■ **Work to be completed**:
Give the listing again exactly, omitting its images.

■ **Source material**:
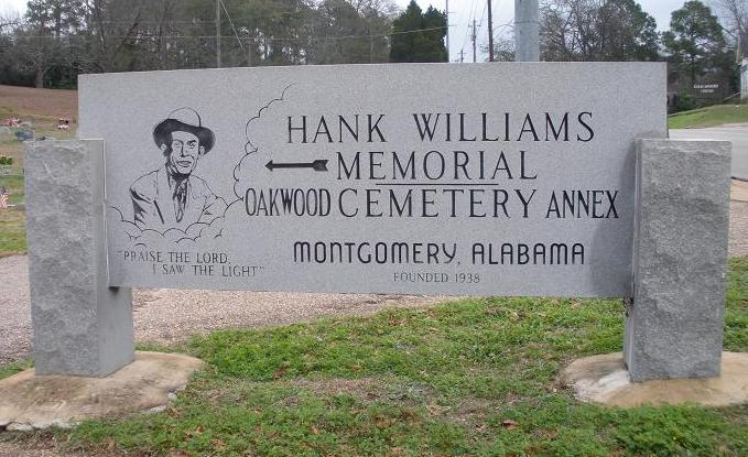 This is a photograph of the entrance to the Hank Williams memorial in the Oakwood Cemetery in Montgomery, AL
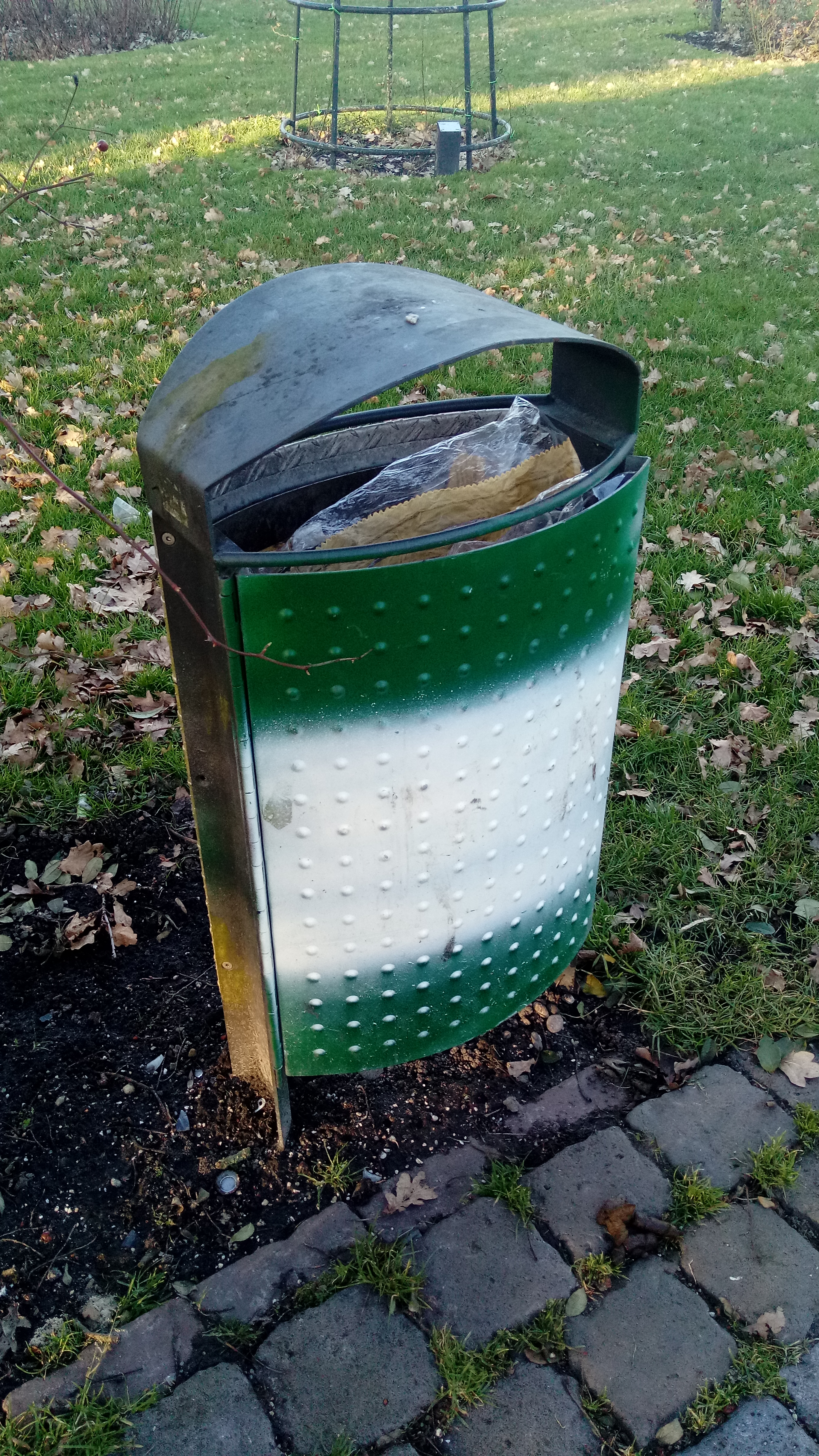 A public rubbish bin vandalised with the flag of the city of Groningen in the Groninger city of Winschoten, Oldambt.
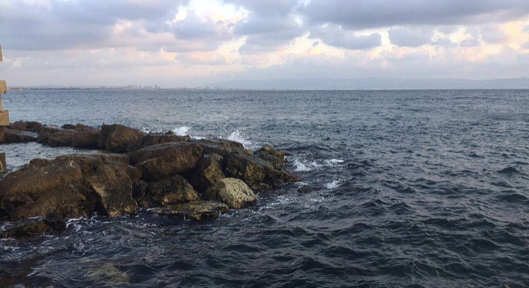 the mediterranean sea - Jaffa’s beach - Palestine
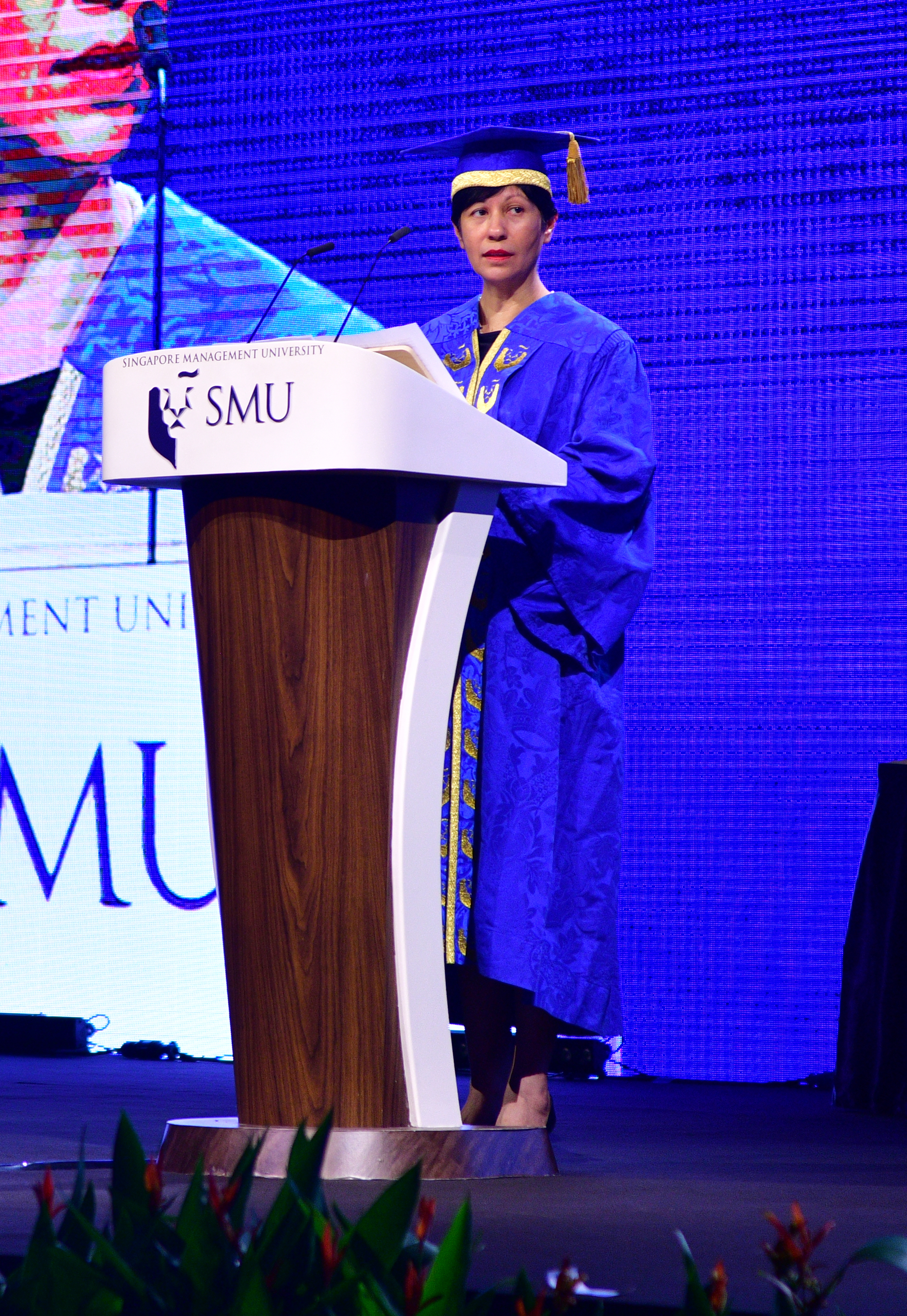 indranee rajah 2018 singapore management university school of law commencement
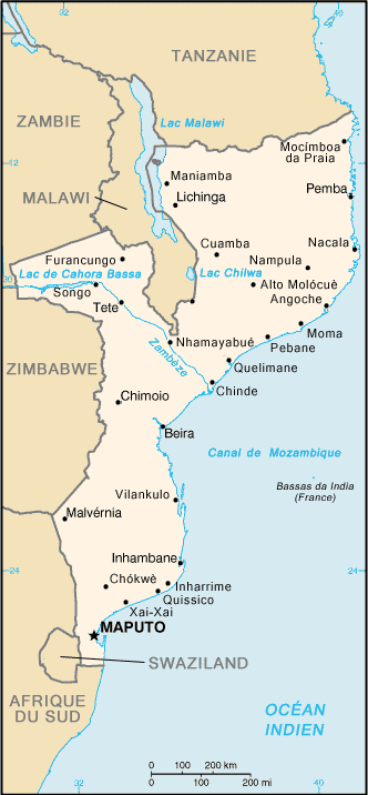 Map in French of Mozambique

■ **Written solution**:
 This is a photograph of the entrance to the Hank Williams memorial in the Oakwood Cemetery in Montgomery, AL
 A public rubbish bin vandalised with the flag of the city of Groningen in the Groninger city of Winschoten, Oldambt.
 the mediterranean sea - Jaffa’s beach - Palestine
 indranee rajah 2018 singapore management university school of law commencement
 Map in French of Mozambique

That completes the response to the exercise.